The French “council of state” – the highest administrative authority in the country – overturned a ban on the burkini, the full body swimwear that has grown in popularity among mainly Muslim women. Three weeks ago, the Mayor of the southern coastal town of Villeneuve Loubet issued a burkini ban on area beaches – and 30 other towns quickly followed suit.
Patrice Spinozi is with the Human Rights League, the group that brought the challenge to the ban. Speaking on the state building steps, he reads from the judgment that says the ban seriously breached fundamental freedoms and impinged “on the principle of equality of citizens before the law, freedom of expression, freedom of conscience and freedom of movement.”
But despite the ruling, the debate is far from over and the swimwear issue is just an example of the political climate and social setting within which it is playing out.
According to recent polls, two-thirds of the French population support the ban.

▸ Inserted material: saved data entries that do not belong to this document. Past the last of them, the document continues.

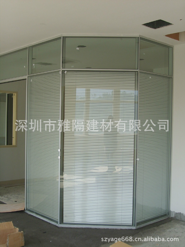 西安办公室铝合金中空百叶 透明磨砂钢化玻璃隔音成品高隔断墙
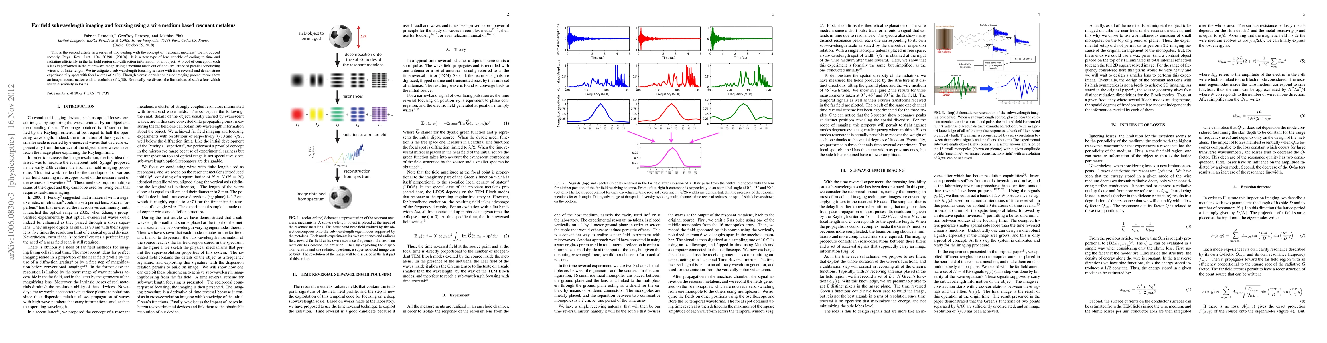 This paper demonstrates a resonant metalens made from a wire medium that enables subwavelength imaging and focusing in the far field, achieving focal widths of λ/25 and image resolution of λ/80 in the microwave range. The study highlights the potential and limitations of such lenses, primarily due to material losses.
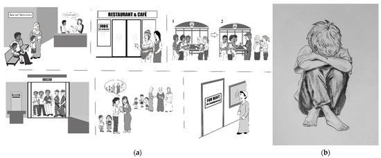 The multi-scenario (Figure 4a) consists of the six negative scenarios placed together on the left-side page of the booklet, while on the right-side page a drawing illustrating withdrawal, loneliness, sadness, and powerlessness appears. This sketch is shown in Figure 4b. The question for the multi-scenario is: As you look at the above situations (six discrimination scenarios) and remember the times this happened to you or to your friends, please say how much you feel like taking this behavior (ranging from 0—never, to 10—always). This question was motivated by two previous findings: the existence of a relationship between racial discrimination and social isolation [44], and the fact that experiencing ethnic discrimination toward oneself or toward family members or friends can have a similar impact on a person’s wellbeing [45,46].
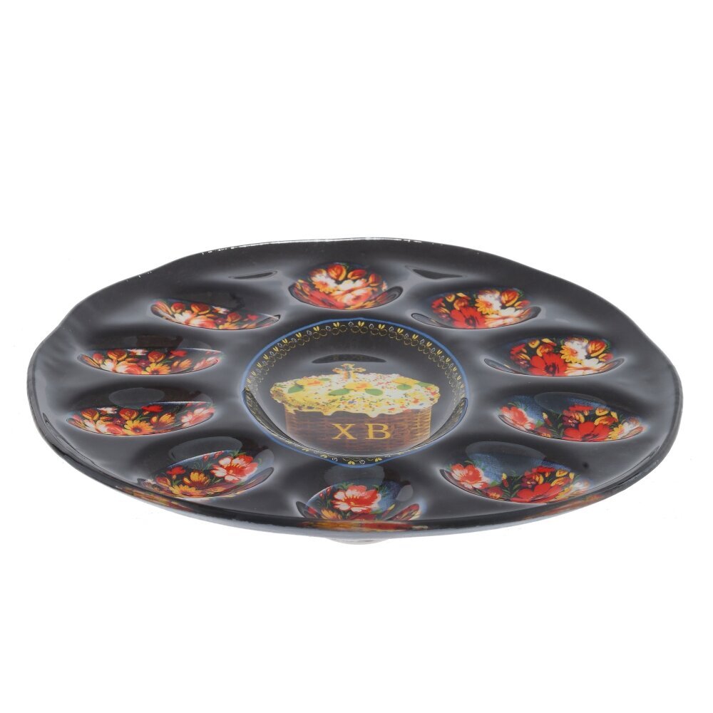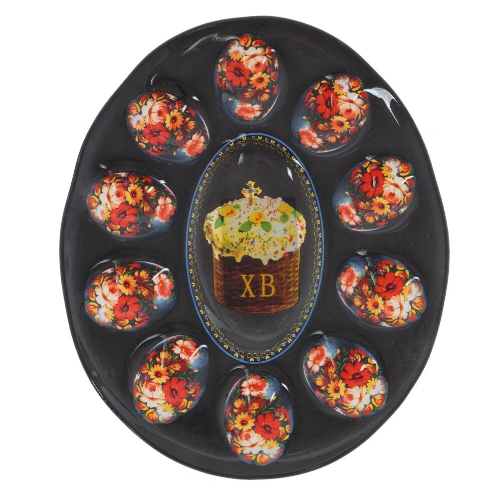 Эта привлекательная овальная тарелка идеально подходит для сервировки 10 яиц. Изготовленная из стекла, она добавляет элегантности любому столу. Ячейки для яиц украшены изящным красным цветочным рисунком, который придаёт изделию романтичный вид. В центре тарелки изображён кулич, символизирующий весенние праздники и семейные торжества. Данная тарелка не только практичная, но и стильная, делая оформление стола в особенные моменты незабываемым. Она станет прекрасным дополнением к пасхальному угощению или любому другому семейному обеду. Использование стекла гарантирует долговечность и лёгкость в уходе.
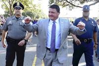 LSU head coach Ed Orgeron, left, and Utah State head coach Gary Andersen, right, meet at midfield after the second half of LSU's football game against Utah State at Tiger Stadium Saturday Oct. 5, 2019, in Baton Rouge, La. LSU won 42-6.
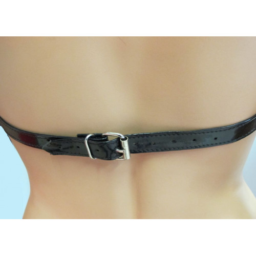 Сбруя выполнена из черной лакированной эко-кожи. Ошейник с мягким подкладом позволяем чувствовать себя максимально комфортно, а размер удобно регулируется тремя кнопками и подойдет на обхват шеи от 33 до 36см. Лиф из кожаных ремешков приподнимает грудь, придавая женским формам еще большую привлекательность. Подойдет на размены S, M. Сексуальный аксессуар не оставит равнодушным ни одного партнера. Ширина ошейника - 4 см.

And the country’s former president, Nicholas Sarkozy – who has officially declared his intention to run in the next presidential election – has promised that should he win he’ll ban the full-face veil, known as the burqa or niqab.

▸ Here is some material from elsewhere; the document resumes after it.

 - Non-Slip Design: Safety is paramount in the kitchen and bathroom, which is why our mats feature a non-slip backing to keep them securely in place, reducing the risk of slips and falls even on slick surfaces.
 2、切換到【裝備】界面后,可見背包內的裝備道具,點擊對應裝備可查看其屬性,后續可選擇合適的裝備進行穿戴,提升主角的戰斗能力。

“It is extremely troubling, because this has become a political instrument from the perspective of the next presidential elections,” says Michel Tubiana, former president of the Human Rights League. “The elections bring political competition, a competition of discrimination and stigmatization of our fellow Muslim citizens. And in the long term we might face a real problem of cohesion and civil peace.”
French Prime Minister Manuel Valls has reiterated his support for the bans, and all the right wing mayors who imposed similar restrictions have said they will not lift them.
Michele Sibony is a senior member of the Jewish Union for Peace. Sibony compares the current climate for Muslims in France to the 1930s when the Jewish community lived under rampant anti-Semitism.
“It is the elites who have spread this venom into the population for many years – so-called major journalists and intellectuals, along with French politicians fueling the hate,” Sibony says. “By arguing for this hate, people were inoculated with it, and there comes a time where a single match will be enough.”
To spark what?
“To spark what, we, the Jewish, call pogroms,” says Sibony.
So far, the burkini bans are clustered in the south of France, but the growing nationalism and Islamophobia is not. Forty-two-year-old Louisa just returned from the western beaches of Normandy, where she swam wearing a burkini. With no ban in place there, she wasn’t fined or forced to strip. But she felt uncomfortable by the stares as the polemic raged day after day. She’s concerned for her children’s future.
“I wish for them to find a good situation and a good job and now it’s sad to say, that that’s not in France,” Louisa explains. “Every day I tell them you have to be good at school. Why? So that you can choose what you want to do later, I wish you to go abroad and to discover another way of life, away from discrimination and racism.”